While the critics gave it great reviews, and the MPA nominated it for an Oscar, I have to say that as an average movie viewer who simply likes to be entertained and rarely agrees with critics, I was thoroughly disappointed in this film. I won’t spoil the ending but let me simply say that I was left feeling like someone forgot to finish the ending - there was no closure in the film, no justice for the audience and no point to the ending. There went two hours of my life (which actually felt closer to four) that I will never recover.

Still, I suppose a night out is night out.

Tuesday, February 19, 2008

And We're Back . . . .

Well, we are finally rejoining the blogosphere. Sorry for the extended hiatus. Truth is, we had forgotten a bit what it’s like to live in Mexico since we were in the US for so long - from Christmas through the end of January.
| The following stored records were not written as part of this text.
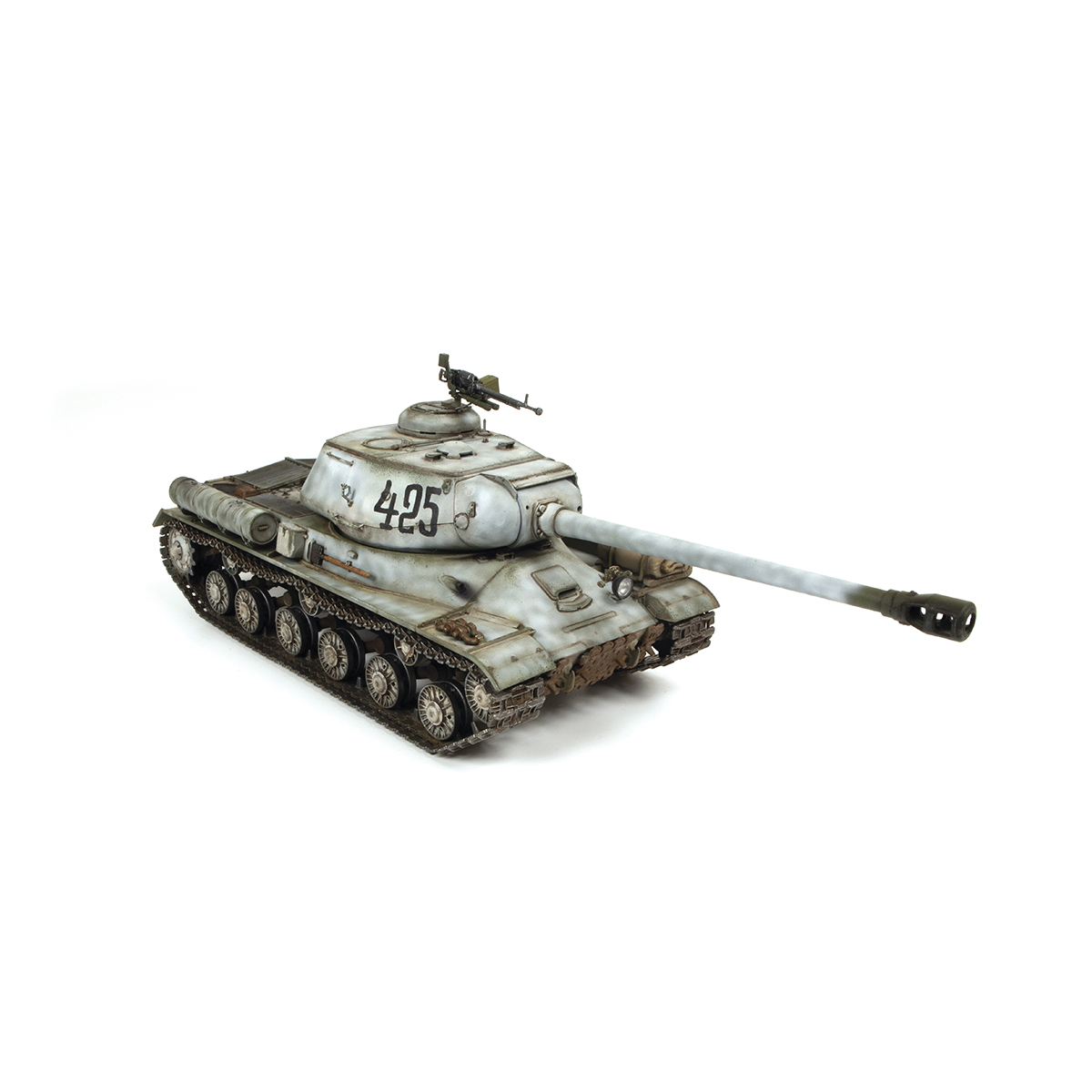 В конце 1943 советские инженеры создали и запустили в серию тяжелый танк ИС-2, разработанный с учетом опыта применения тяжелых танков в первые годы войны. Новый танк получил мощное орудие калибром 122мм, хорошее бронирование и подвижность. В течении всего серийного выпуска танк постоянно модернизировался. Машины, произведенные в период декабря 44- февраля 45 года, получили зенитный пулемет ДШК и установку дымовых шашек на корме. В боях 44-45 годов ИС-2 успешно применялся против тяжелых танков противника, при штурме городов и укрепленных позиций.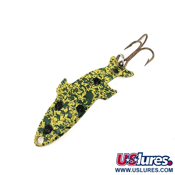 Tämän yksilön kaarevaa metallirunkoa peittää erottuva 'Frog'-kuviointi, joka koostuu vihreistä ja keltaisista roiskeista sekä vahvoista mustista täplistä. Uistin painaa 1/8 unssia (4 g) ja on pituudeltaan 1 1/2" (4 cm). Siinä on se ominainen anatominen siluetti, joka on tehnyt Acme Phoebesta kalastuspakkien suosikin jo vuosikymmenten ajan. Tämä kyseinen tuote, tuotekoodiltaan 11506, on käyttämätön ja siinä on alkuperäinen viimeistely. Puhtaalla, hopeansävyisellä kääntöpuolella 'PHOEBE'-nimi on stansattu selkeästi metalliin keskikohdan lähelle. Varustukseen kuuluu terävä, pronssiviimeistelty kolmihaarainen koukku, joka on kiinnitetty luotettavalla uistinrenkaalla pyrstöön. Kolmiulotteisen stansatun muotoilunsa ansiosta se näyttää realistiselta syöttikalalta useista eri kulmista heitettäessä tai vedettäessä.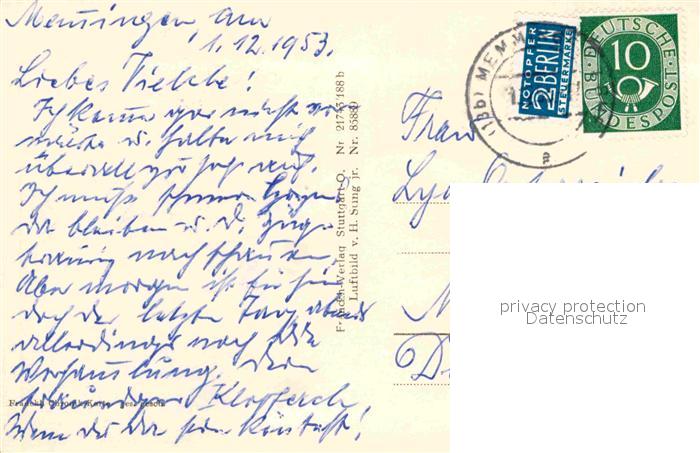 72775182 alte Postkarte Memmingen Bayern Flugaufnahme postalisch gelaufen Erhaltung siehe scans [KathaD81] KatCode: 11110009764000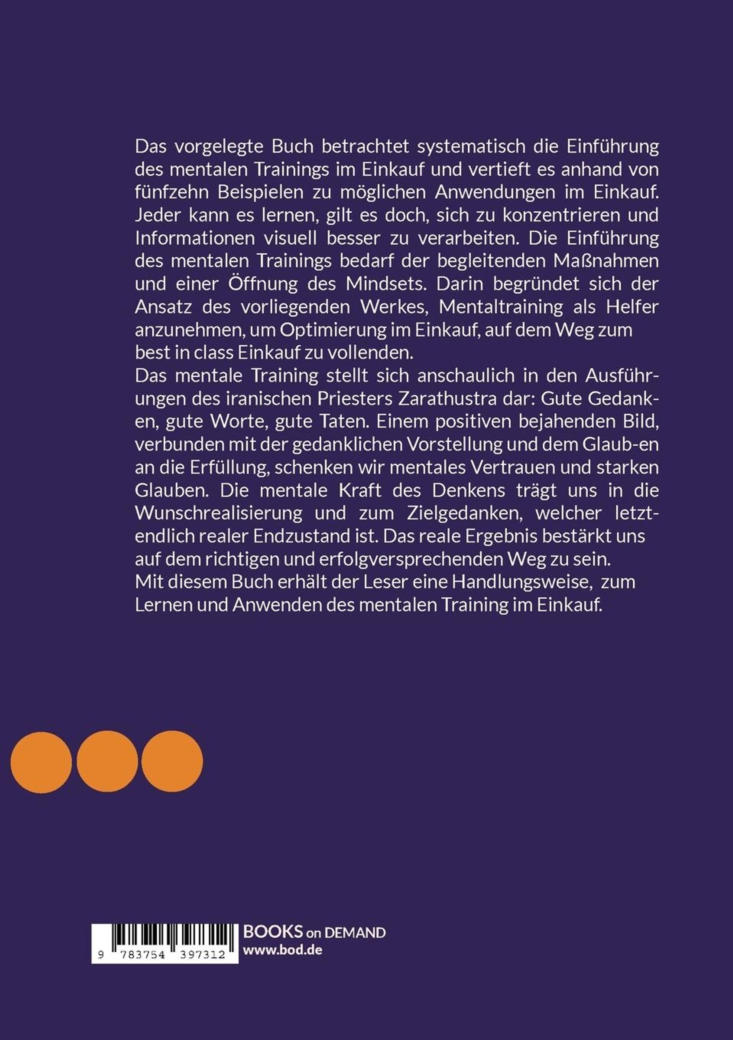 Mit der Liste der ausgewählten Einkaufsbeispiele erhalten Sie eine Vorschlagsliste zur Optimierung und dem Anwenden des mentalen Trainings. Die Auswahl besteht aus 31 Vorschlägen zum Einkauf. Fünfzehn Einkaufsbeispiele wurden mittels einer entwickelten Syntax vertiefend ausgeführt, um den Ansatz des Arbeitens im Einkauf unter der Zuhilfenahme von mentalem Training zu verdeutlichen. Mit diesem Buch erhält der Leser einen Handlungsweg, welcher nicht allgemein das mentale Training im Einkauf beschreibt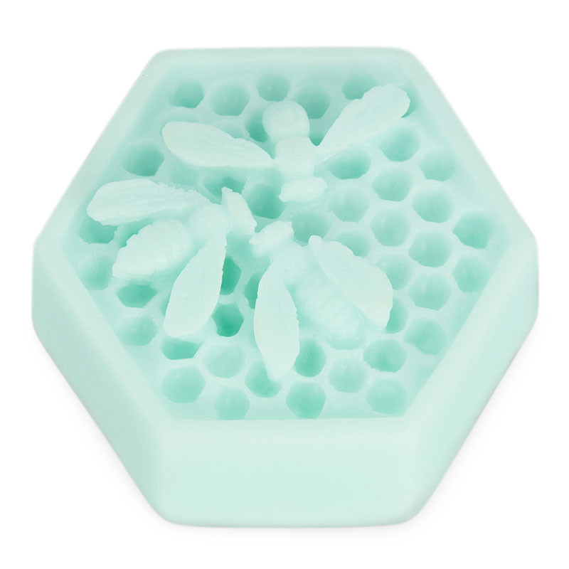 Wabenform mit Bienen, 5,5x6,2x2,2 cm, ideal für die Herstellung von schönen sechseckigen Wabenseifen mit drei Bienen im Relief. Sie ist perfekt für Imkereiliebhaber. Die Seifen lassen sich einfach und kostengünstig mit den Materialien in unserem Online-Shop herstellen. Es handelt sich um eine Silikonform, die nicht klebt, widerstandsfähig und flexibel ist und sehr einfach zu benutzen. Alles, was du tun musst, ist, die Seifenbasis zu schmelzen, aromatische Essenzen und Farbstoffe nach Geschmack hinzuzufügen und die Form zu füllen. Warte, bis die Seife fest wird, und entferne sie aus der Form. Die fertigen Seifen lassen sich mit Glimmer oder Seifenfarben verzieren - das Ergebnis wird toll aussehen! Mit dieser Form kannst du auch mit anderen Materialien wie Wachs, Gips, Zement, Harz auf Wasserbasis usw. arbeiten.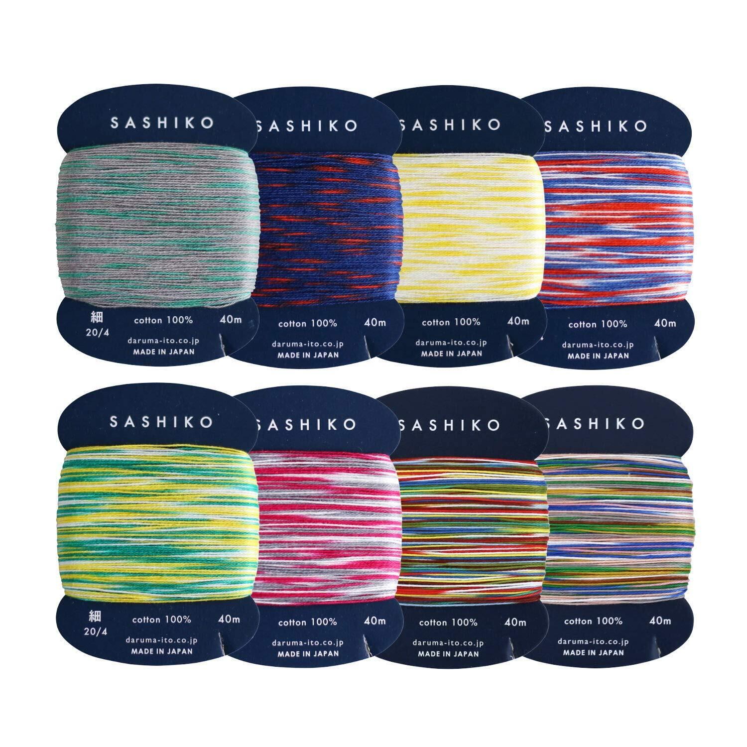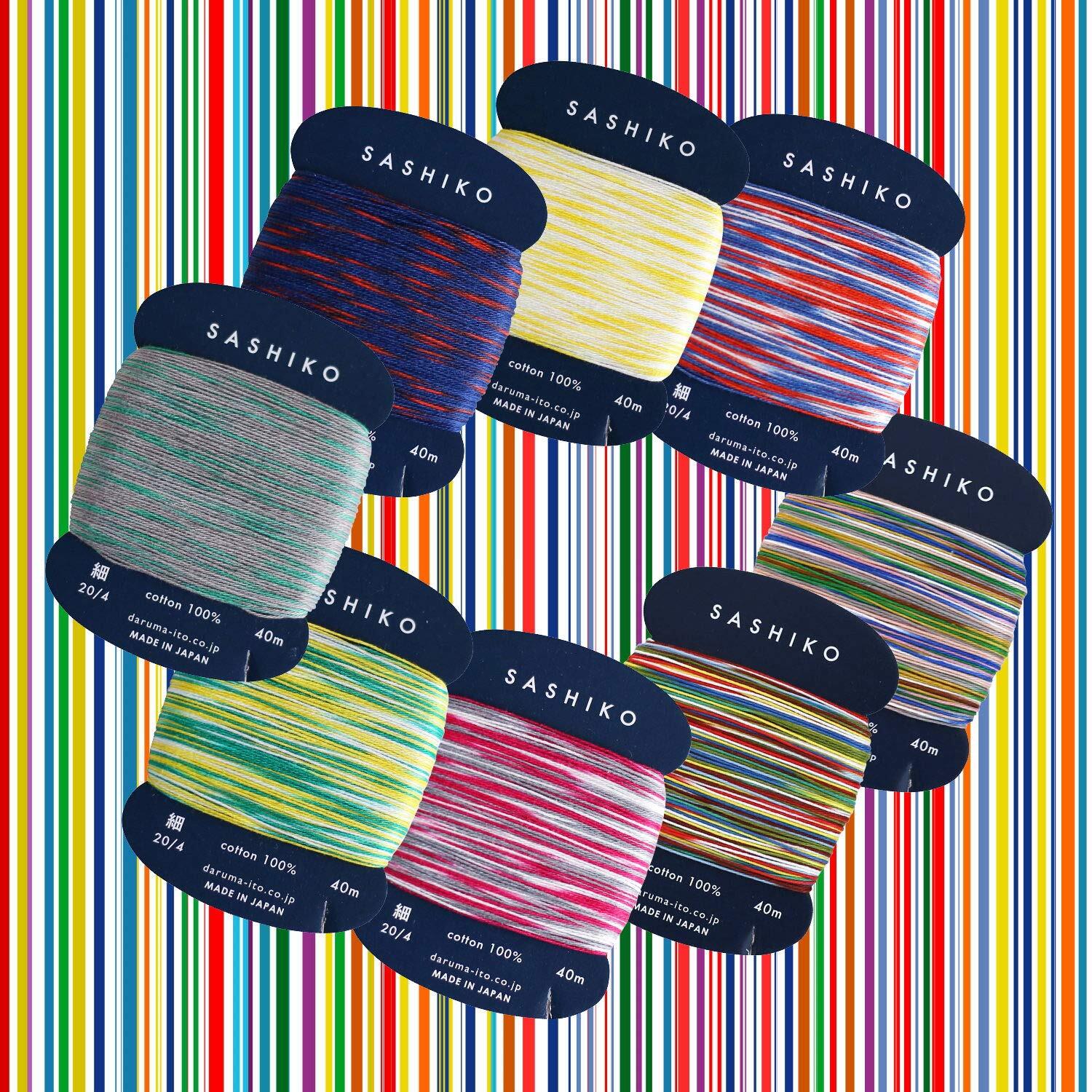 ※パッケージはダルマ製ではありません。従来の刺し子糸に複数の色を配色したカスリ染め。ダルマブランドの技術を用いて綺麗な配色にしあがりました。全8種類を可愛いパッケージに入れてお届けします。。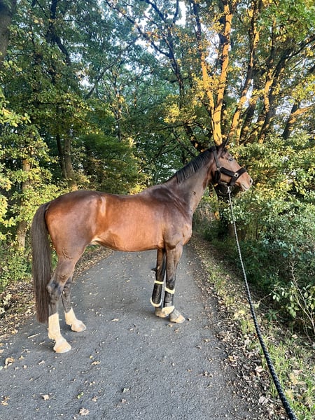 For sale is my impressive Oldenburg gelding, First Nacho. The dark bay gelding impresses with his generous height of 1.83 meters and his elegant appearance. He is ideally suited for leisure riding and convinces with his friendly nature as well as his versatile capabilities. The horse is healthy aside from his equine asthma, well-built, and reliable – perfect for riders who value quality and character. I purchased Nacho at the age of five, and he has become very dear to the whole family. Therefore, a sale to a dealer is not an option. At that time, Nacho was trained in M-level dressage, but I have mostly ridden him for recreational purposes, and he has always enjoyed varied work. If interested, I look forward to hearing from you!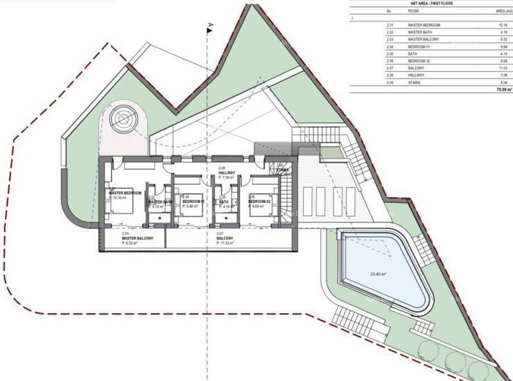 Pripremljeno idejno rješenje i geodetska podloga za gradnju ville (PO+P+PK) ukupne površine 210 m².
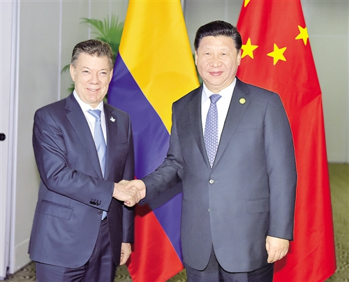 习近平指出,中方赞赏并支持桑托斯总统坚定推进哥伦比亚和平进程。中方从战略高度和长远角度看待和发展同哥伦比亚关系,愿同哥方一道,落实双方合作共识,推动中哥关系迈上更高台阶。当前,中哥都处在国家建设关键时期,双方要相互支持、相互帮助,加强高层交往,保持密切沟通,鼓励和支持两国政府、立法机构、政党等往来。要扩大务实合作,加大推动重点项目力度,积极开展产能合作,实现互利双赢、共同发展。要加强多边合作,推动国际秩序朝着更加公正合理的方向发展。

Mommy, Daddy and I had a terrific holiday with our family, and we actually got to relax a bit, since there were no weddings, housewarming parties or religious events for a change. We got to see all of our family, most of our friends and just hang out (I spent most of my spare time at Chuck-E-Cheese’s and the merry-go-round at the mall with my grandparents).

While the trip itself was wonderful, it started out a bit bumpy, with our flight out of Mexico City getting delayed twice and then canceled, and Mommy getting her purse stolen. That, combined with the fact that Mommy and Daddy were still suffering from a serious flu that had lasted about 5 weeks made for interesting travels. I was on my best behavior to help them out, though, and held up without any tantrums or hysteria after being shuttled on and off the plane and around the airport for a total of 9 hours, without ever having left the ground.
So now that we are back in the Distrito Federal, we are settling back into normalcy - for me that means no more staying up until 10:30 at night, waking up at 9:00 a.m., skipping naps and eating a dinner of chicken nuggets for days at a time. Mommy is convinced that, as great as it was to be in NJ, 6 weeks of this behavior can’t be looked upon too favorably by the likes of Family Services. So for the foreseeable future, we are staying put.
With somewhat of a routine and schedule in our lives, I think you'll also find that we will be blogging a lot more (for those few readers we have left).